Mermaid, Seeking: sculpture mix; sea foam glazing; copper wire; water.











Mermaid with a taste of rum.

Monday, November 12, 2012

Barry Lopez: "River Notes" and Questing


I have been crippled by my age, by what I have known, as well as by my youth, by what I have yet to learn, in all these inquiries.  It has taken me years, which might have been spent (by someone else) seeking something greater, in some other place.  I have sought only you.  Enough.  I wish to know you, and you will not speak.  

--Barry Lopez,
from River Notes: The Dance of Herons

I can't say enough how much this slim volume mattered, how much it made complex, made even more emotional and even more intricately verbal my relationship with nature and story, when I first discovered River Notes in Moe's Books of Berkeley, CA, so long ago in 1980.

On this recent rereading -- and River Notes is a book I reread more or less each year, haphazardly, piece by piece over all the months of the year -- I realized how much his chapter "The Salmon" prepared me for the art and artistry of Andy Goldsworthy and for so many of my own efforts in clay amidst sea and creek.

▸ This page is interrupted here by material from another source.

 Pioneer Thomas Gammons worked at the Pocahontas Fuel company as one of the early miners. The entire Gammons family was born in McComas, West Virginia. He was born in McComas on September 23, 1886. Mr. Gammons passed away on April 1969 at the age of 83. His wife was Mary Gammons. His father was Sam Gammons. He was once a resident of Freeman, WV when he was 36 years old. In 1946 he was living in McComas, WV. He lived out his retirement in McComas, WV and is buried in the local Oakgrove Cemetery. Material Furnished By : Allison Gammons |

I've witnessed this writer giving a talk and reading one of his stories at least once --"The Mappist," at the Donna Seager Gallery in San Rafael -- and I took this rather intimate opportunity (such a small venue, a somewhat select gathering) to thank Barry Lopez for his body of work.  I'm glad I overcame my natural diffidence to do so.

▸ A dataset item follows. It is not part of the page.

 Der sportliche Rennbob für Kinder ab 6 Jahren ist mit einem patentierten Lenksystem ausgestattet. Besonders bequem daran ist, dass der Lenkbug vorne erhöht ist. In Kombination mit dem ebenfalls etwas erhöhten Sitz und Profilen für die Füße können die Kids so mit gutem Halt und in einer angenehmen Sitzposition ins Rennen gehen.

The passage above spoke to me when I was a mere youth, not even 20, and speaks to me now, a bit over 50.  I like the appositive defining of age in terms of knowing, in terms of what we don't understand and of what we do, as well as the sad, even bitter tone.  Loss breathes through the passage, through most of the book, and Lopez's voicing of that theme, that truth, caught my ear, and the ear of my soul (if you will), even if I didn't--perhaps, still don't--truly understand wherein that sense of loss resides, takes form.  Recently, I have read an interview with Barry Lopez in which he reveals that the writing of River Notes, though a sequence of fictional narratives, was deeply informed by the death of his mother.

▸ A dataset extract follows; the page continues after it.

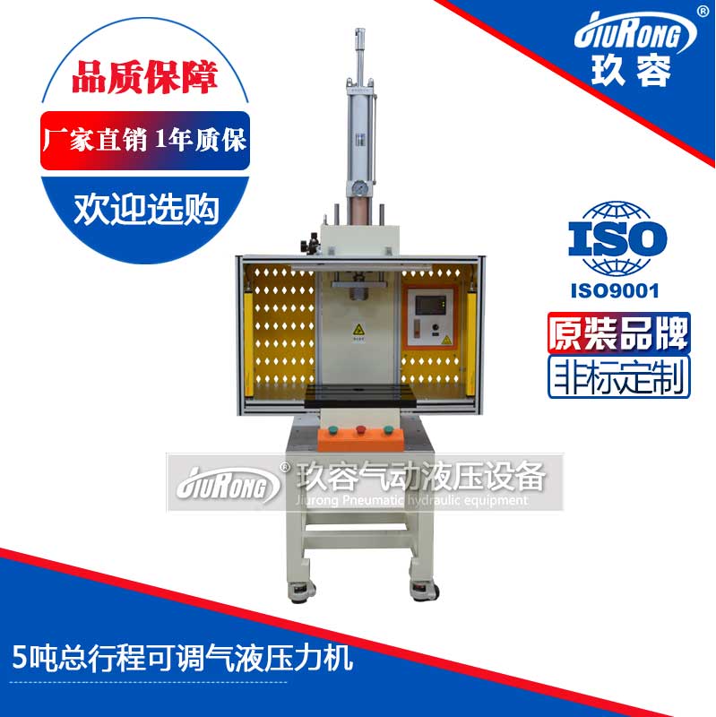 5T總行程可調(diào)氣液增壓機為非標(biāo)定制設(shè)備,5噸出力的氣液壓力機產(chǎn)品。產(chǎn)品最大的特點是:總行程可調(diào)。設(shè)備采用JRC總行程可調(diào)氣液增壓缸作為氣動執(zhí)行元件,采用PLC控制,方便操作簡單方便舒適,可搭配1t、3t、5t、8t、10t氣液增壓缸使用。

The book takes us from the seaside, the mouth of the river, upstream until we reach the headwaters, the source.  The last chapter, be warned, is entitled "Drought."  I'll hold off saying more, for I'd rather awaken curiosity and intimate mystery.  I have taught two chapters in particular a dozen times, I think: "The Bend" and "The Rapids."  Here's another passage from "The Salmon":

There is never, he reflected, a moment of certainty, only the illusion.   And as he worked among the rocks in the middle of the river he thought on this deeply, so deeply that had his movements not been automatic he would have fallen off the rocks and into the river and been borne away.

In the summer light, even with the coolness of the water welling up around him in the air, thinking was all he was capable of; and this distraction left him exhausted and unbalanced so that at the end of the day the physical exhaustion he felt was something he lowered himself into, as into a hot bath.  He pondered gentleness often.  And he tried to pry (hefting the stones, conscious of the resonance between the idea in his mind and the work of his hands) into mysteries which remained as implacable as the faces of the stones.


Thank you, again, Barry Holstun Lopez.

River Notes: The Dance of Herons
A Bard Book / Avon Books: New York,  November, 1980.

Voyage-charm: sculpture mix; floating blue glazing; matte finish.